:: RECORD EXCERPTS ::

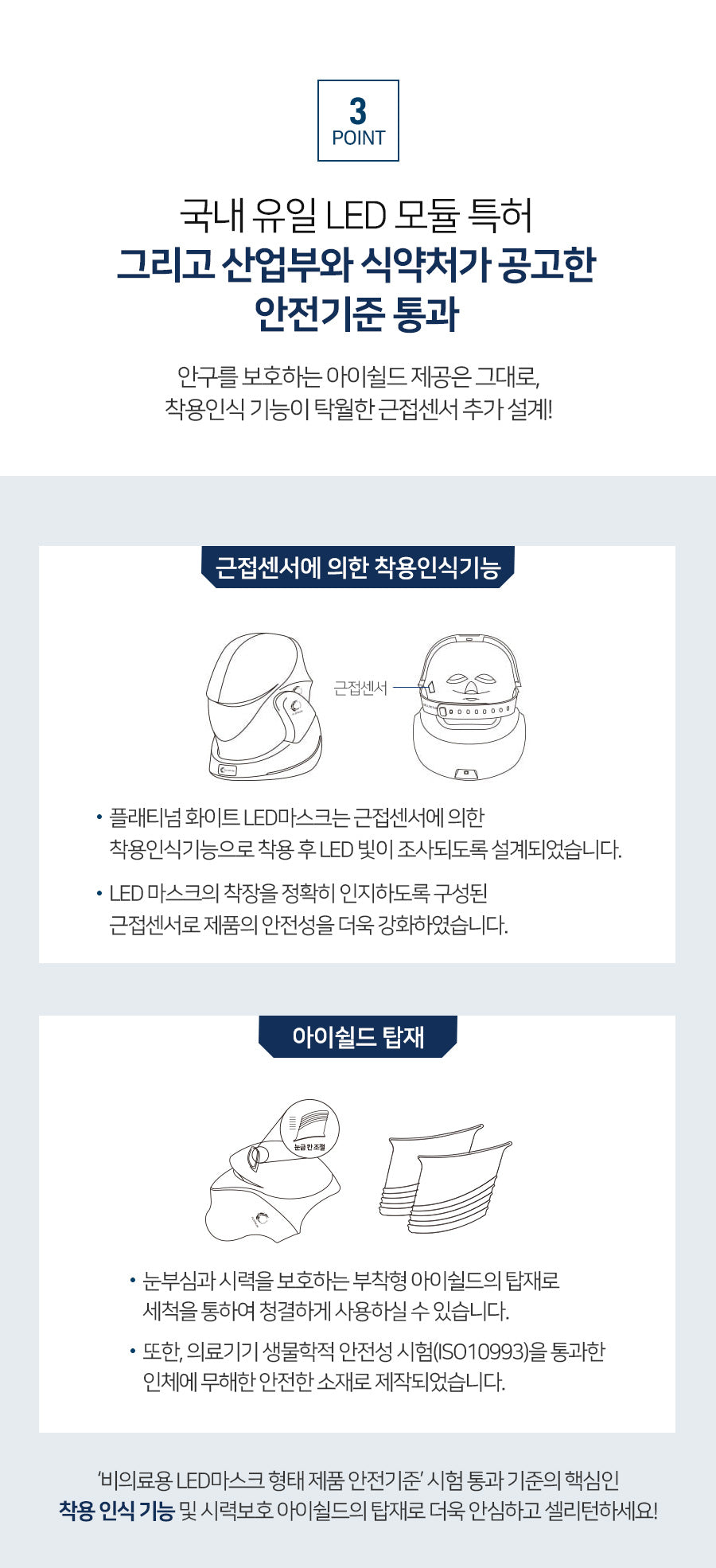 - Successfully passed safety standards set by the Korean Ministry of Trade, Industry and Energy, and the Ministry of Food and Drug Safety.
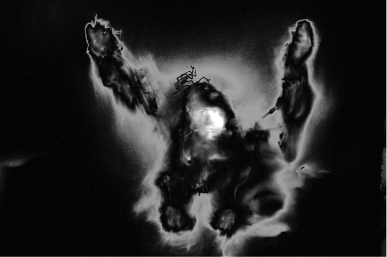 Actuellement, il suit cette voie à l’Institut Néel à Grenoble mais sans s’y réfugier. C’est évident quand je discute de physique avec lui. Mais, dans le même temps, pour notre plus grand bonheur, en artiste et en physicien, il fabrique un autre monde dans son atelier d’artiste. Et en créant ses Noctographies, il manipule notre vision. Il l’étire dans le temps par petites touches lumineuses successives, ici et là, grâce à la technologie, et il vient questionner l’évidence de notre regard quand nous pensons tous comme Thomas.
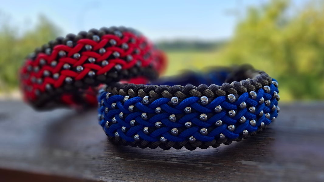 Ihr Milseburg-Halsband wird aus Paracord gefertigt. Dieses Material garantiert: Haltbarkeit und Komfort. Wir bieten verschiedene Oberflächentypen (glänzend oder matt).
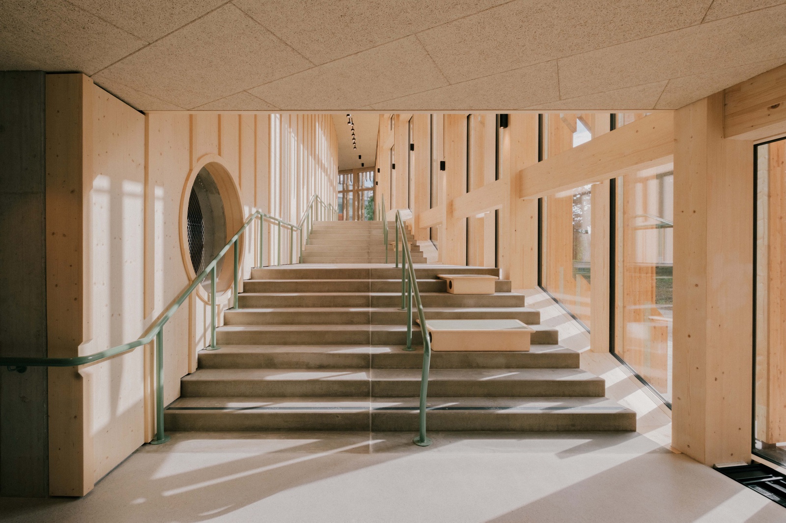 „Erwachsene verlaufen sich immer, Kinder nie“, sagt die künstlerische Leiterin Mona Jas im Entree. Die gestufte Portalöffnung gibt es an allen drei Gebäudeseiten, der umlaufende Sockel fungiert als Sitzbank im Freien. Der Lamellenvorhang der Fassade öffnet das KinderKunstLabor zur Umgebung und sorgt im Inneren für ein bewegtes Licht/Schatten-Spiel. Dass es in diesem Haus auf allen Ebenen um künstlerische Erfahrungsräume geht, ist auch auf der Spielterrasse im 3. Obergeschoss spürbar: Hier können Kinder in Höhe der Baumkronen eine textile Netzlandschaft erklimmen, die die japanische Künstlerin Toshiko Horiuchi MacAdam eigens für diesen Ort geschaffen hat. (Text: Gabriele Kaiser, erschienen in architektur aktuell 11.2024)
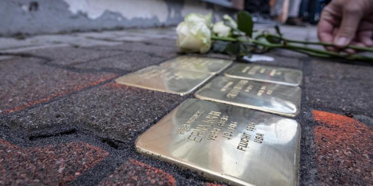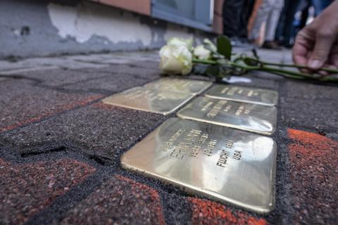 Mit Gedenksteinen, die jetzt im Bürgersteig der Bahnstraßeliegen, erinnern Stadt Riedstadt und Förderverein für jüdische Geschichte an die Familien Kahn und Sternfels.
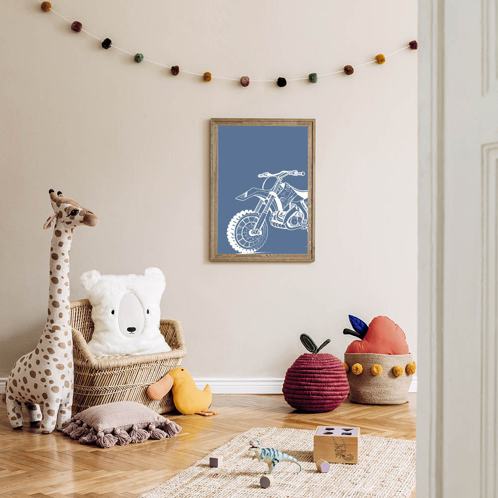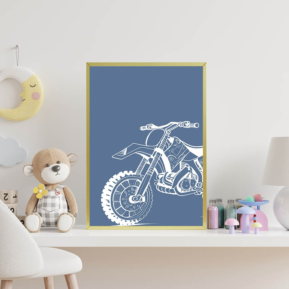 Bring the thrill of off-road adventure into your child’s space with this Dirt Bike Wall Art. Featuring a sleek, hand-drawn motocross bike illustration in white against a deep blue-gray background, this piece is perfect for young motorcycle enthusiasts. The minimalist yet bold design makes it a striking addition to boys' bedrooms, playrooms, or teen spaces.
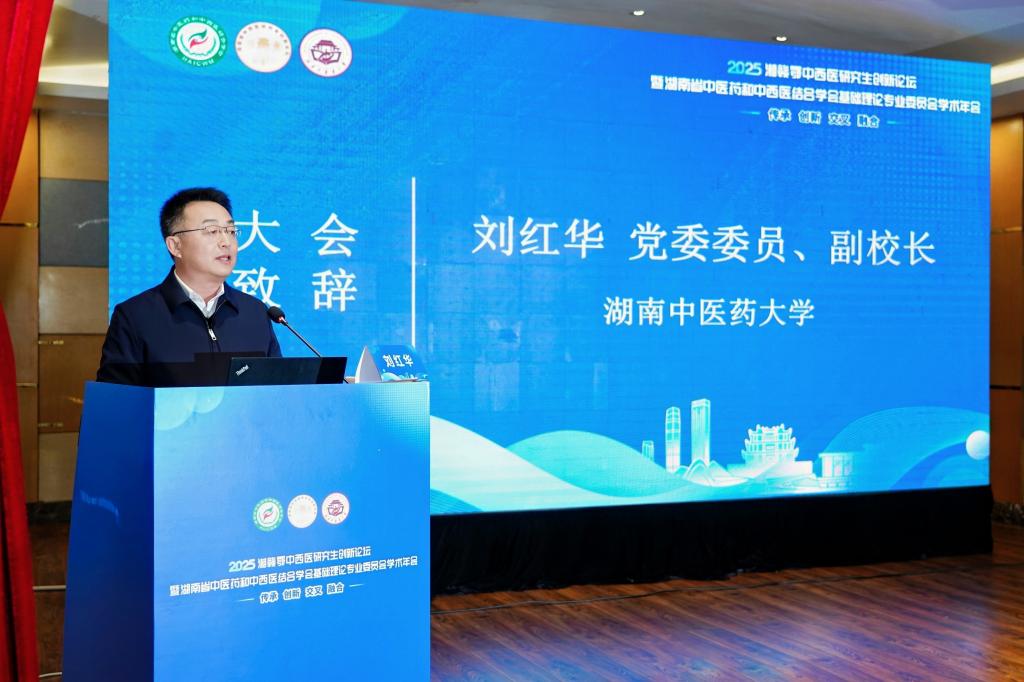 开幕式上,学校副校长刘红华在致辞中,对与会嘉宾表示欢迎,并表示学校致力于推动中西医结合学科发展与创新人才培养。湖南省中医药和中西医结合学会副会长、学校原党委书记秦裕辉教授代表学会致辞,肯定了论坛对促进区域学术交流与学科发展的重要作用。
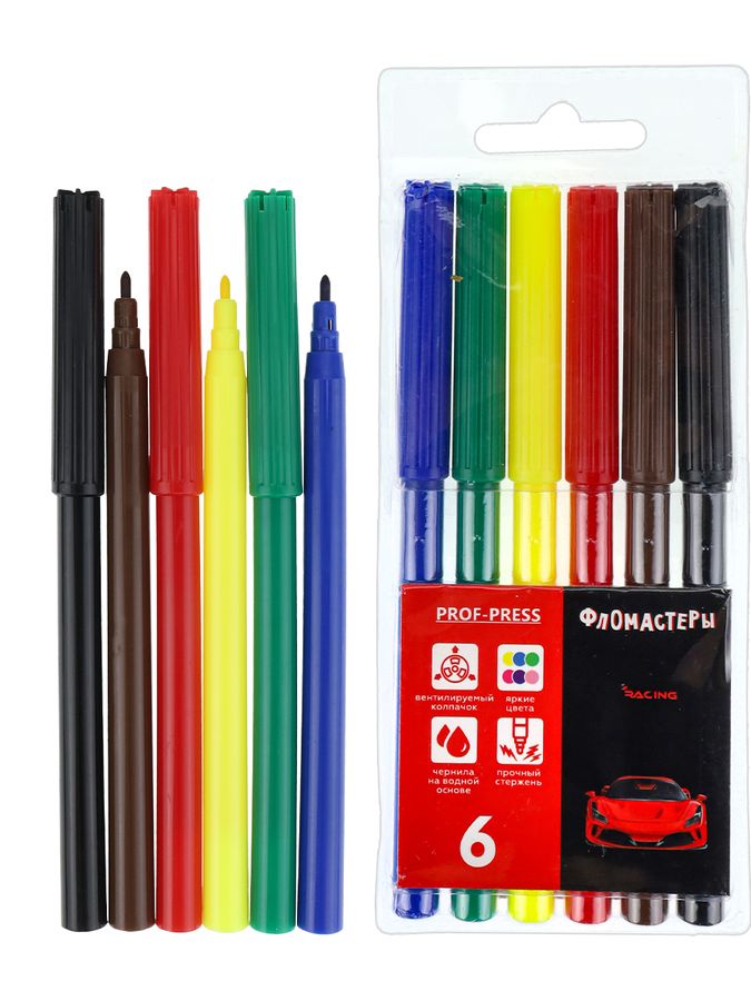 Фломастеры 6цв круглые конусовид. вент. колпачок блистер Красное авто PROF-PRESS ФВ-2555
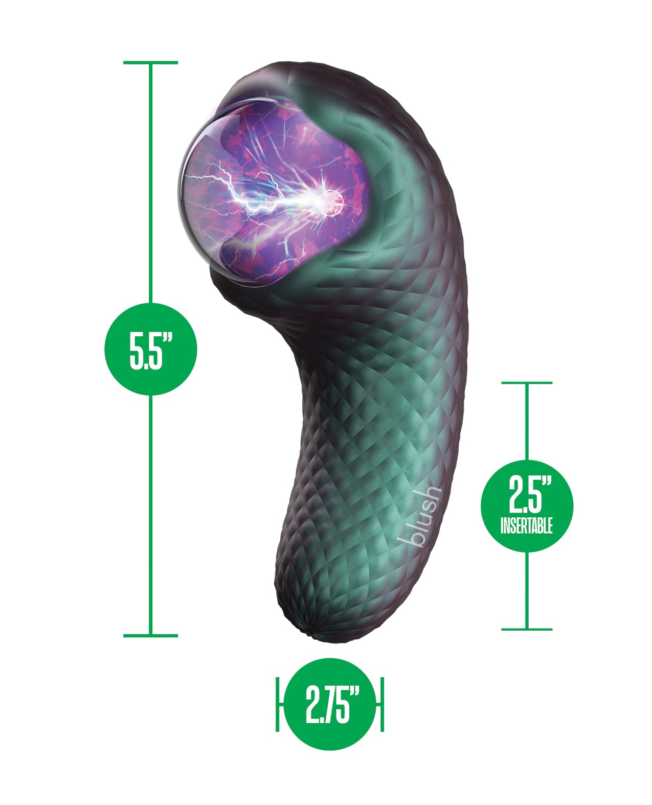 Unlock your deepest desires with Temptasia's Enchanted Serpent, a mythical pulse vibrator that lures you into a realm of erotic fantasy. With its mesmerizing plasma globe, it illuminates your most intimate moments with a captivating and responsive visual display, while amplifying every touch. The Enchanted Serpent's dual motors create a fully personalized play experience, allowing you to customize each setting to match your every desire. Surrender to the allure of its 10 tantalizing settings—perfectly combining internal and external sensations for pure satisfaction. Made from luxurious textured silicone, its satin-smooth surface glides seductively across your skin, igniting arousal with every touch, and its glowing pulse adds an otherworldly thrill to your intimate adventures. Waterproof and USB rechargeable, the Enchanted Serpent is always ready for your next passionate escapade. Surrender to its seductive charm and let it guide you into a new realm of pleasure and ambient fantasy.

:::

• EXERCISE OBJECTIVE: What is needed is a word-for-word copy of the data, minus its pictures.

• RESPONSE AREA:
 - Successfully passed safety standards set by the Korean Ministry of Trade, Industry and Energy, and the Ministry of Food and Drug Safety.
 Actuellement, il suit cette voie à l’Institut Néel à Grenoble mais sans s’y réfugier. C’est évident quand je discute de physique avec lui. Mais, dans le même temps, pour notre plus grand bonheur, en artiste et en physicien, il fabrique un autre monde dans son atelier d’artiste. Et en créant ses Noctographies, il manipule notre vision. Il l’étire dans le temps par petites touches lumineuses successives, ici et là, grâce à la technologie, et il vient questionner l’évidence de notre regard quand nous pensons tous comme Thomas.
 Ihr Milseburg-Halsband wird aus Paracord gefertigt. Dieses Material garantiert: Haltbarkeit und Komfort. Wir bieten verschiedene Oberflächentypen (glänzend oder matt).
 „Erwachsene verlaufen sich immer, Kinder nie“, sagt die künstlerische Leiterin Mona Jas im Entree. Die gestufte Portalöffnung gibt es an allen drei Gebäudeseiten, der umlaufende Sockel fungiert als Sitzbank im Freien. Der Lamellenvorhang der Fassade öffnet das KinderKunstLabor zur Umgebung und sorgt im Inneren für ein bewegtes Licht/Schatten-Spiel. Dass es in diesem Haus auf allen Ebenen um künstlerische Erfahrungsräume geht, ist auch auf der Spielterrasse im 3. Obergeschoss spürbar: Hier können Kinder in Höhe der Baumkronen eine textile Netzlandschaft erklimmen, die die japanische Künstlerin Toshiko Horiuchi MacAdam eigens für diesen Ort geschaffen hat. (Text: Gabriele Kaiser, erschienen in architektur aktuell 11.2024)
 Mit Gedenksteinen, die jetzt im Bürgersteig der Bahnstraßeliegen, erinnern Stadt Riedstadt und Förderverein für jüdische Geschichte an die Familien Kahn und Sternfels.
 Bring the thrill of off-road adventure into your child’s space with this Dirt Bike Wall Art. Featuring a sleek, hand-drawn motocross bike illustration in white against a deep blue-gray background, this piece is perfect for young motorcycle enthusiasts. The minimalist yet bold design makes it a striking addition to boys' bedrooms, playrooms, or teen spaces.
 开幕式上,学校副校长刘红华在致辞中,对与会嘉宾表示欢迎,并表示学校致力于推动中西医结合学科发展与创新人才培养。湖南省中医药和中西医结合学会副会长、学校原党委书记秦裕辉教授代表学会致辞,肯定了论坛对促进区域学术交流与学科发展的重要作用。
 Фломастеры 6цв круглые конусовид. вент. колпачок блистер Красное авто PROF-PRESS ФВ-2555
 Unlock your deepest desires with Temptasia's Enchanted Serpent, a mythical pulse vibrator that lures you into a realm of erotic fantasy. With its mesmerizing plasma globe, it illuminates your most intimate moments with a captivating and responsive visual display, while amplifying every touch. The Enchanted Serpent's dual motors create a fully personalized play experience, allowing you to customize each setting to match your every desire. Surrender to the allure of its 10 tantalizing settings—perfectly combining internal and external sensations for pure satisfaction. Made from luxurious textured silicone, its satin-smooth surface glides seductively across your skin, igniting arousal with every touch, and its glowing pulse adds an otherworldly thrill to your intimate adventures. Waterproof and USB rechargeable, the Enchanted Serpent is always ready for your next passionate escapade. Surrender to its seductive charm and let it guide you into a new realm of pleasure and ambient fantasy.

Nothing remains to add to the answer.